Wind energyProject Lake Bonney Stages 2/3
This report details how Vestas is utilising four separate forecasting model approaches to assess the incremental improvements that meteorological masts and weather models have on the accuracy of wind production forecasts.
The Lake Bonney Stages 2/3 short-term forecasting project for Infigen Energy utilised four separate forecasting model approaches (implemented at different stages) to assess the incremental improvements that meteorological masts and weather models have on the accuracy of wind production forecasts when combined with high-resolution wind turbine Supervisory Control and Data Acquisition (SCADA) data, and machine learning algorithms.
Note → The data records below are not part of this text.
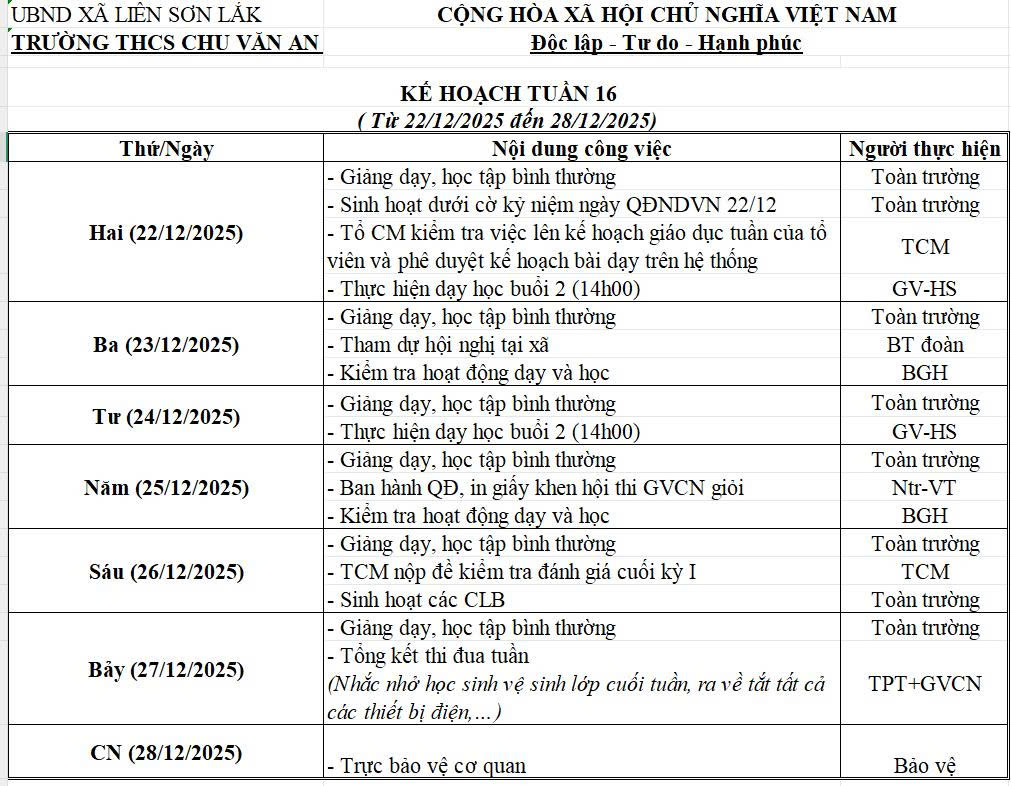 KẾ HOẠCH CHUYÊN MÔN TUẦN 16(Từ ngày 22/12/2025- 28/18/2025)
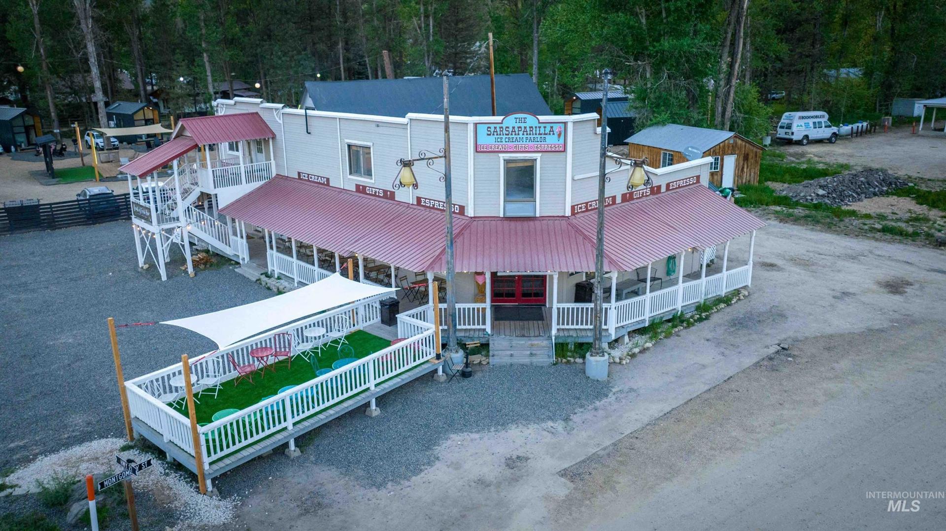 Incredible investment in the heart of historic Idaho City! This prime corner property at 101 Montgomery St features 118 ft of Hwy 21 frontage for maximum visibility. Home to the iconic Sarsaparilla Ice Cream Parlor & Chicory & Sage, this landmark includes a nostalgic boardwalk and western charm that draws locals and tourists alike. The +/- 2,871 SF building was extensively updated in 2022 and offers a versatile layout. It features 4 residential suites perfect for long or short-term rentals, a boutique hotel, or owner-occupancy. The main level hosts the thriving ice cream business, wine bar, and hair salon. This is a rare opportunity to own a stabilized, high-traffic business with significant year-round growth potential. Ample parking and a favorite destination status make this a true gem. Don’t miss this booming retail landscape!
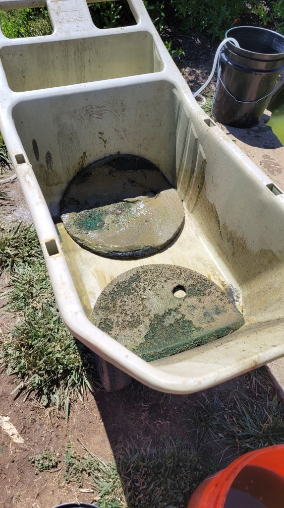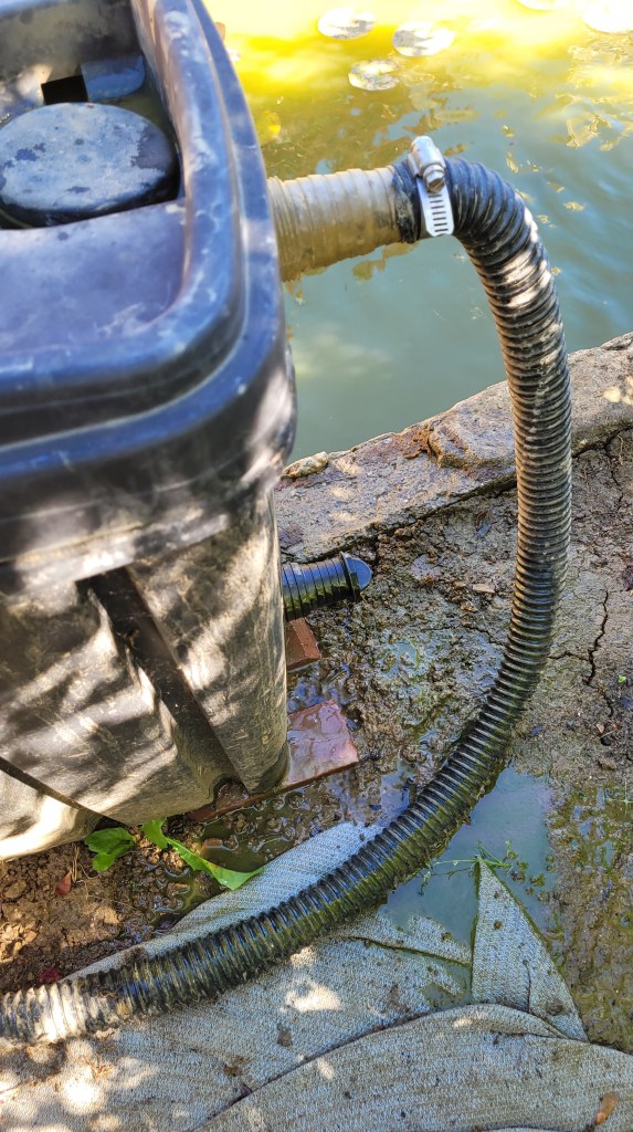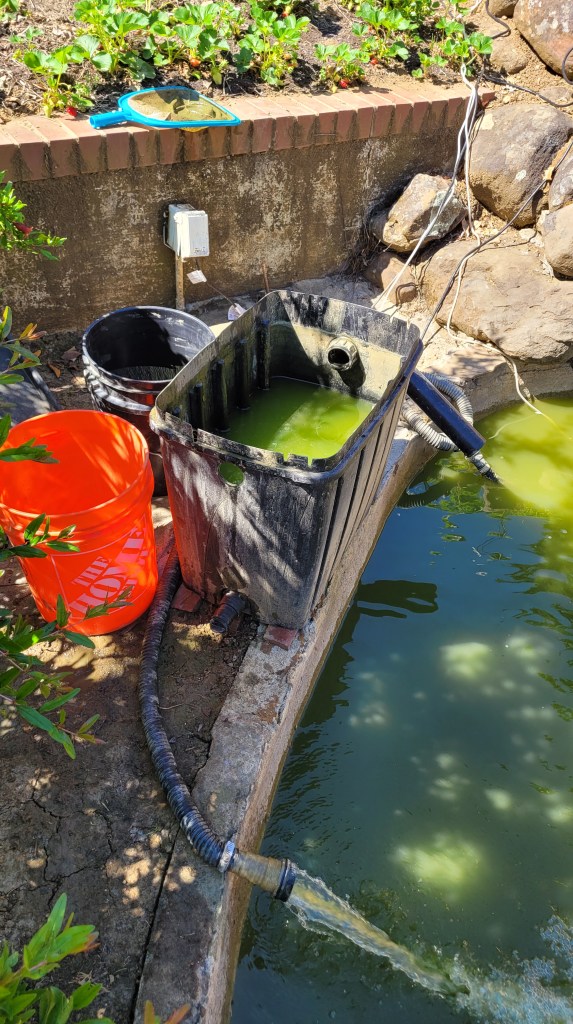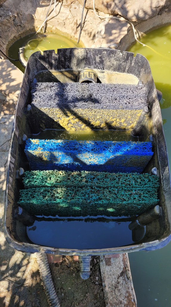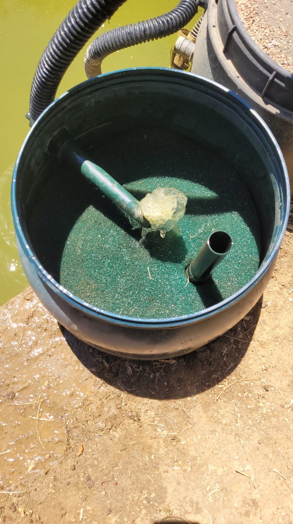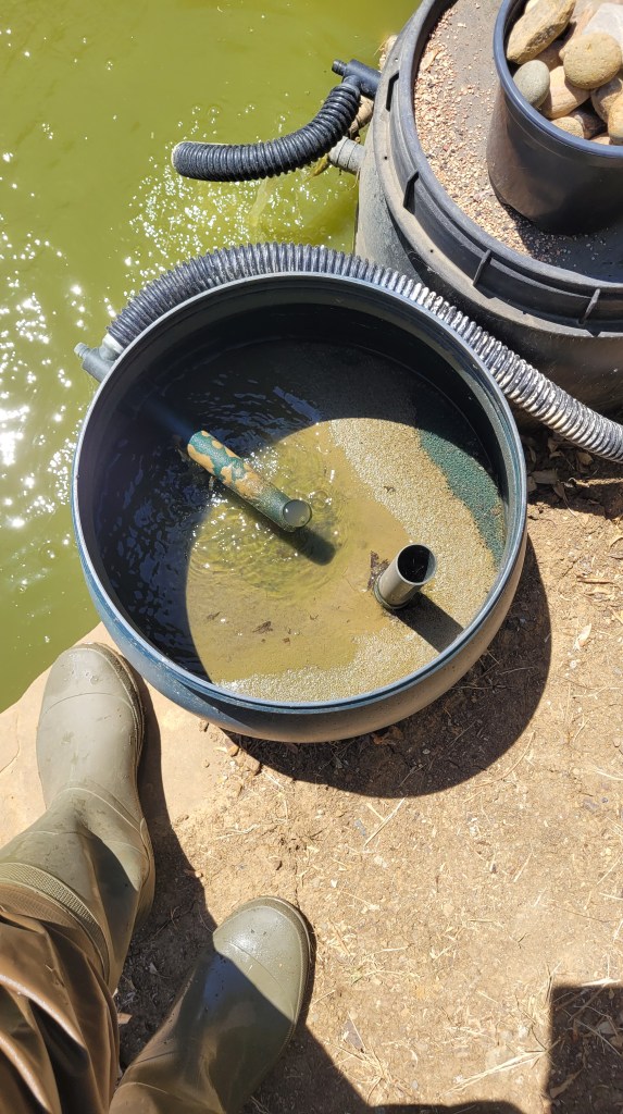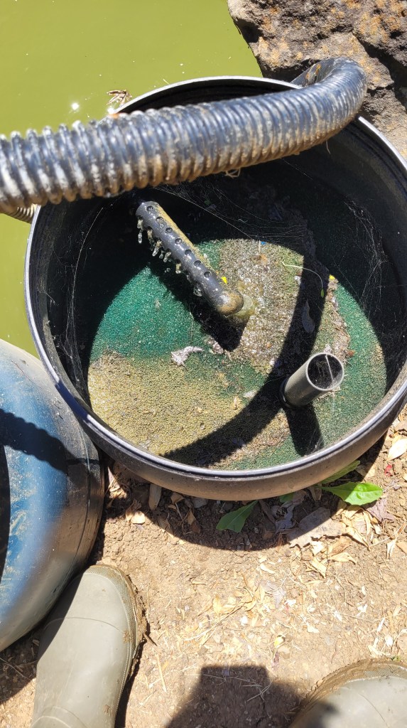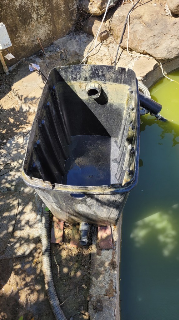 My backyard pond has three biofilters that I connected to a single water pump in a Frankenstein like fashion with pipes everywhere. It works for my purposes and keeps the fish from poisoning themselves, but the main issue is sludge build up if I don’t clean it out. So I did.

The first forecast model developed was the “SCADA data only” model, which was most critical because it acted as the baseline for the other models, and was the first to be submitted into the Australian Energy Market Operator (AEMO) production environment on September 10, 2019 for both Lake Bonney 2 (LB2) and Lake Bonney 3 (LB3).
Prior to submitting forecasts to AEMO’s application programming interface (API), Infigen developed its own API layer that was configured as an intermediary interface between Utopus Insights’ forecasting system and that of AEMO. This layer allowed Infigen to implement additional cyber security controls on the automated submission system. A Self-Forecast Suppression system and user interface was also designed by Utopus Insights to allow Infigen’s operators to supress self-forecasted values being submitted to AEMO. During these times, the Australian Wind Energy Forecasting System (AWEFS) forecast would instead be used for AEMO calculation of the dispatch target value. This tool allowed operators to minimise the times when the self forecast was submitting unfavourable values that would negatively impact the average performance values. During the course of the project, voluntary participant suppression was used less than 0.1% of the time for LB3 and never for LB2, a reflection of the stability and reliability of the forecast models deployed.